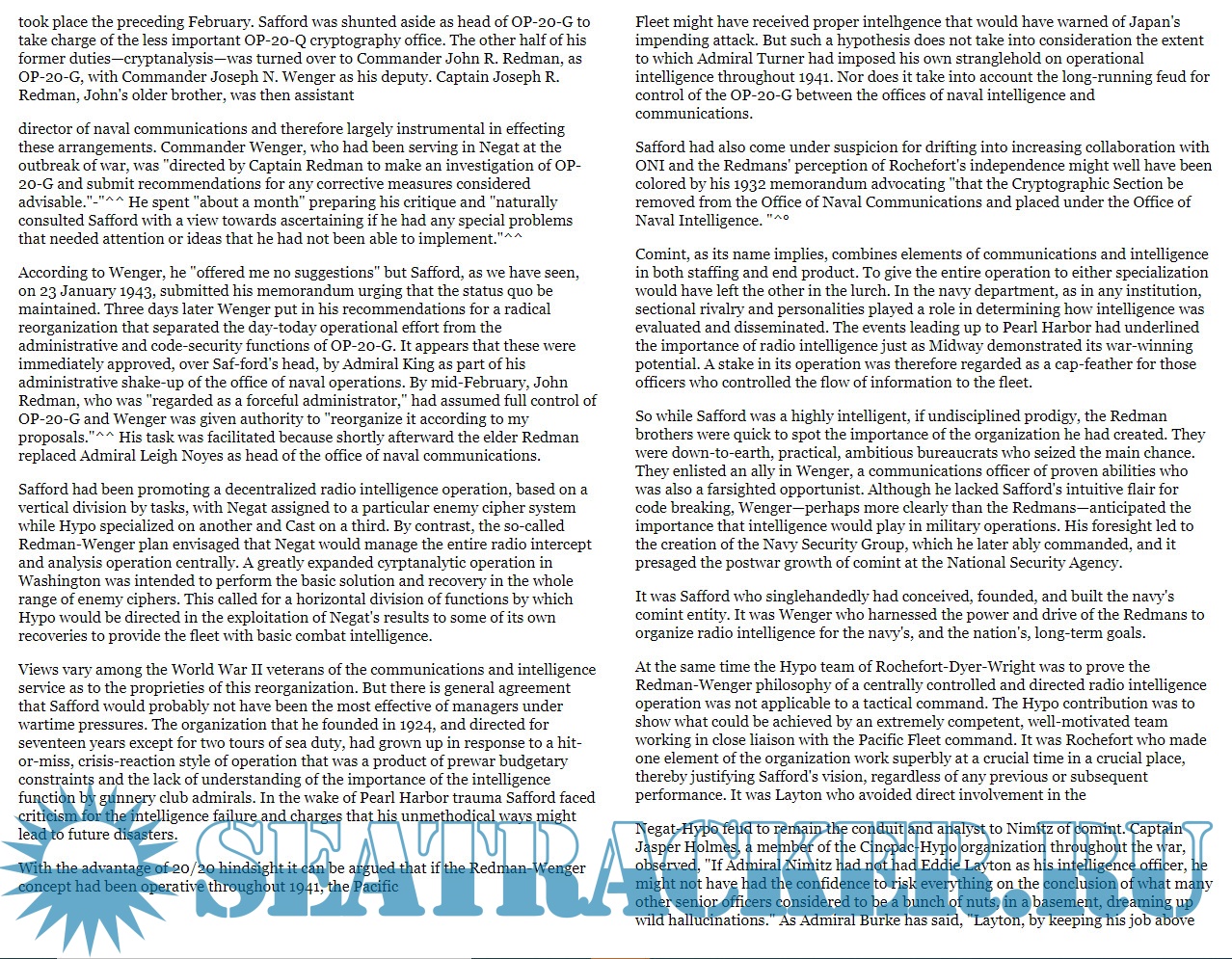 The book details how these selfish actions to destroy Rochefort alerted the Japanese to our code breaking success, which had the direct result of keeping US forces in the dark to Japanese intentions regarding the Guadalcanal operation that immediately followed.
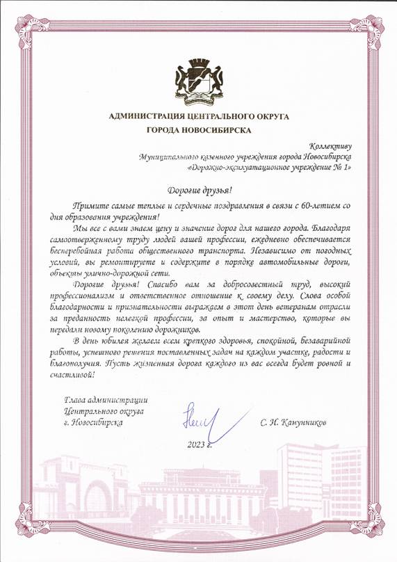 Мне хотелось бы поздравить весь коллектив ДЭУ-1. Я считаю, во всей коммунальной нагрузке, которую несут наши городские службы, это предприятие отвечает за наиболее важный и уязвимый участок. Нагрузка колоссальная. Там работать просто тяжело! И я с огромным уважением отношусь к людям, которые там трудятся, выполняют свои обязанности перед городом. И за это хотелось бы сказать спасибо коллективу и всем сотрудникам. Всем! От ИТР, руководителей, до водителей, механиков – тех, кто обеспечивает обслуживание и выход техники на улицы – до работников ручного труда, ведь есть у нас места, где пока ручной труд заменить пока не удаётся. Всех хочу поблагодарить и поздравить с юбилеем, поздравить с прохождением очередного сложного зимнего сезона. Впереди летний сезон, а значит переоборудование техники, перенастраивание. Хотел бы пожелать успеха работникам нашего ДЭУ в решении очень сложных задач по повышению комфортности проживания в центральной части города Новосибирска!
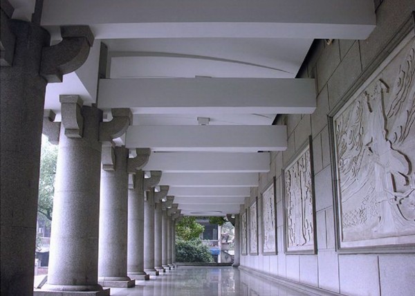 新館用融合的方法處理新舊建筑的關(guān)系,以原陳列大樓為中心,圍合前庭,強(qiáng)化兩翼,對稱布局,形成三殿式建筑,集簡練、穩(wěn)重、統(tǒng)一于一體,秩序感極強(qiáng)。
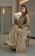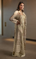Indulge in the opulence of our organza embroidered jacket, meticulously crafted with stunning zari work and cu work details. Complete the look with a glamorous banarsi blouse and elegant wide leg trousers, showcasing your impeccable taste and sophisticated style.
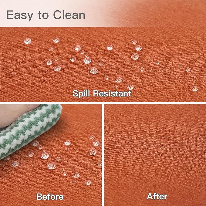 maxmill Rectangular Linen Textured Tablecloth Waterproof Spillproof Wrinkle Free Fall Table Cloth, Dining Room Thanksgiving Decoration, Fabric Table Cover Halloween Tablecloths, 52 x 84 Inch, Rust
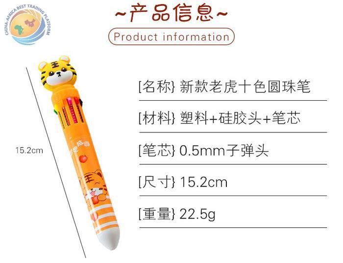 新款老虎十色圆珠笔彩色手账笔创意学生文具多色圆珠笔10色笔批发
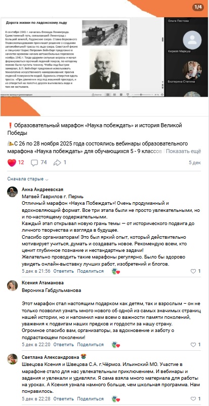 Участники марафона отметили, что он стал настоящим открытием и полностью оправдал своё название «Наука побеждать», ведь это была не просто серия заданий, а продуманная система, которая учила ставить цели, планировать действия и не сдаваться перед трудностями. Ребята узнали много нового о достижениях нашей науки в годы Великой Отечественной войны. А выполнять творческие работы было интересно и увлекательно. Подробнее ознакомиться с отзывами о марафоне можно в сообществе социальной сети Вк краевой заочной школы https://vk.com/kzshnoosphere?from=groups&w=wall-217168292_983.
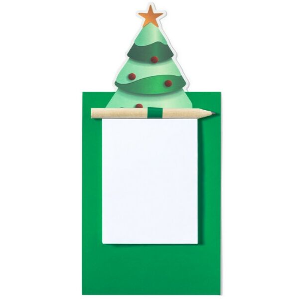 | Omschrijving | <p> Het Lary notitieblok brengt de kerstsfeer direct uw keuken of werkplek in. Het magnetische ontwerp in de vorm van een speelse kerstboom kleeft moeiteloos op koelkasten, kasten of andere metalen oppervlakken, waardoor u altijd een notitie binnen handbereik hebt. Met 40 blanco vellen is dit blok perfect voor boodschappenlijstjes, kleine reminders of snelle krabbels. Het bijgeleverde houten potlood past mooi bij het natuurlijke karakter van het ontwerp en maakt de set helemaal compleet. Een super leuk eindejaarsgeschenk.</p> |
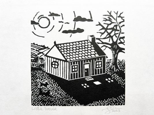 Little house lino print
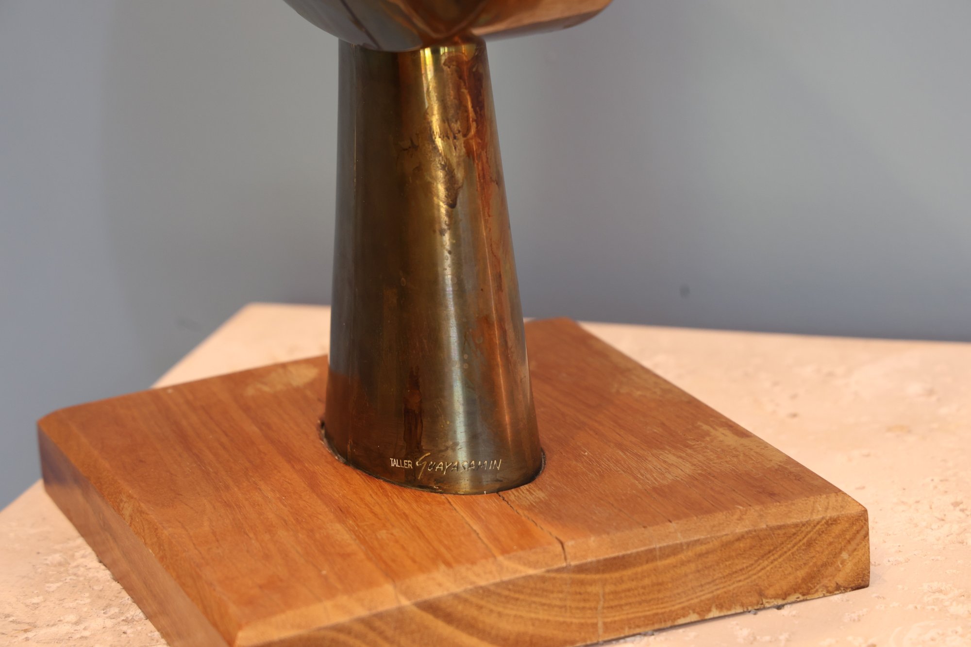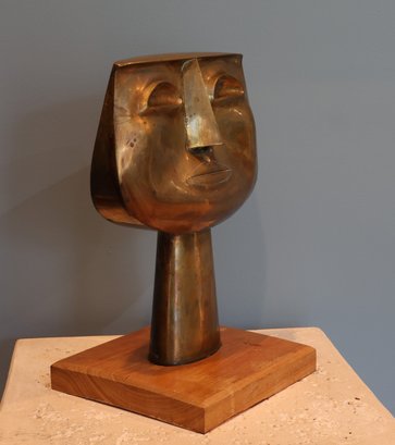 OSWALDO GUAYASAMIN Ecuadorian (1919-1999) . Brass with wood base. Signature impressed on reverse.

● ● ● ●

* [ACTION ITEM] Everything in the entries except the pictures should be returned exactly as given.

* [WORKED SOLUTION]
 The book details how these selfish actions to destroy Rochefort alerted the Japanese to our code breaking success, which had the direct result of keeping US forces in the dark to Japanese intentions regarding the Guadalcanal operation that immediately followed.
 Мне хотелось бы поздравить весь коллектив ДЭУ-1. Я считаю, во всей коммунальной нагрузке, которую несут наши городские службы, это предприятие отвечает за наиболее важный и уязвимый участок. Нагрузка колоссальная. Там работать просто тяжело! И я с огромным уважением отношусь к людям, которые там трудятся, выполняют свои обязанности перед городом. И за это хотелось бы сказать спасибо коллективу и всем сотрудникам. Всем! От ИТР, руководителей, до водителей, механиков – тех, кто обеспечивает обслуживание и выход техники на улицы – до работников ручного труда, ведь есть у нас места, где пока ручной труд заменить пока не удаётся. Всех хочу поблагодарить и поздравить с юбилеем, поздравить с прохождением очередного сложного зимнего сезона. Впереди летний сезон, а значит переоборудование техники, перенастраивание. Хотел бы пожелать успеха работникам нашего ДЭУ в решении очень сложных задач по повышению комфортности проживания в центральной части города Новосибирска!
 新館用融合的方法處理新舊建筑的關(guān)系,以原陳列大樓為中心,圍合前庭,強(qiáng)化兩翼,對稱布局,形成三殿式建筑,集簡練、穩(wěn)重、統(tǒng)一于一體,秩序感極強(qiáng)。
Indulge in the opulence of our organza embroidered jacket, meticulously crafted with stunning zari work and cu work details. Complete the look with a glamorous banarsi blouse and elegant wide leg trousers, showcasing your impeccable taste and sophisticated style.
 maxmill Rectangular Linen Textured Tablecloth Waterproof Spillproof Wrinkle Free Fall Table Cloth, Dining Room Thanksgiving Decoration, Fabric Table Cover Halloween Tablecloths, 52 x 84 Inch, Rust
 新款老虎十色圆珠笔彩色手账笔创意学生文具多色圆珠笔10色笔批发
 Участники марафона отметили, что он стал настоящим открытием и полностью оправдал своё название «Наука побеждать», ведь это была не просто серия заданий, а продуманная система, которая учила ставить цели, планировать действия и не сдаваться перед трудностями. Ребята узнали много нового о достижениях нашей науки в годы Великой Отечественной войны. А выполнять творческие работы было интересно и увлекательно. Подробнее ознакомиться с отзывами о марафоне можно в сообществе социальной сети Вк краевой заочной школы https://vk.com/kzshnoosphere?from=groups&w=wall-217168292_983.
 | Omschrijving | <p> Het Lary notitieblok brengt de kerstsfeer direct uw keuken of werkplek in. Het magnetische ontwerp in de vorm van een speelse kerstboom kleeft moeiteloos op koelkasten, kasten of andere metalen oppervlakken, waardoor u altijd een notitie binnen handbereik hebt. Met 40 blanco vellen is dit blok perfect voor boodschappenlijstjes, kleine reminders of snelle krabbels. Het bijgeleverde houten potlood past mooi bij het natuurlijke karakter van het ontwerp en maakt de set helemaal compleet. Een super leuk eindejaarsgeschenk.</p> |
 Little house lino print
 OSWALDO GUAYASAMIN Ecuadorian (1919-1999) . Brass with wood base. Signature impressed on reverse.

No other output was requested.